It takes a special kind of person to survive in the poker world, and it takes an even rarer type of person to thrive in it. As the late Stu Ungar is credited with saying, “Think about what it’s like sitting at a poker table with people whose only goal is to cut your throat, take your money, and leave you out back talking to yourself about what went wrong inside.” Because of this mentality poker players are often cynics, and prone to bouts of Shadenfreude, where other people’s misery often means their gain.
A decade ago this wasn’t such a big deal. The poker world had its pro players, players that would incorrectly be called “Sharps”, but bore more of a resemblance to professional gamblers who were wizened and experienced, and looked for every angle –sometimes legal and sometimes not depending on the player—as well as it’s true “Card Sharps”, AKA cheaters, hustlers, scammers, and degenerates.

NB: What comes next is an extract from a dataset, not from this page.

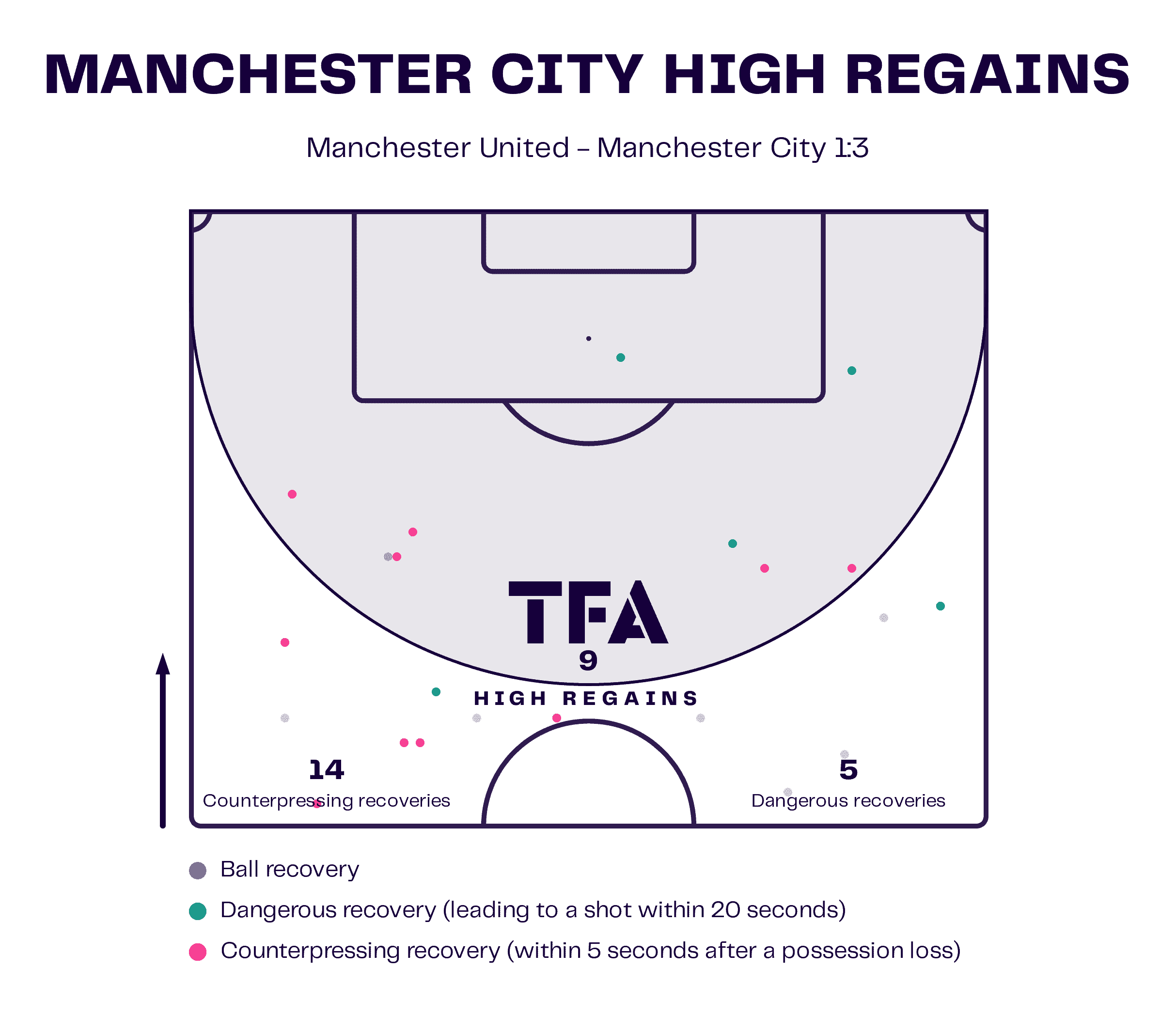 To demonstrate just how fruitful the press was for the visitors, this graphic shows how many times they won the ball in advanced positions and the effect that it had, with five of their regains leading to a shot on goal within five seconds (as happened here) whilst they won back possession just five seconds after losing it on 14 occasions.

Nowadays the poker world still has these two groups of players, but there is also a third group that has been added to this eclectic cocktail, the young pro. The younger players that have grown up in the Internet era of the game have two distinct disadvantages to players from years ago:
- They are marks
- They haven’t been out in the real world and don’t have the experience to separate the apathy they need to display at the poker tables from the rest of their lives.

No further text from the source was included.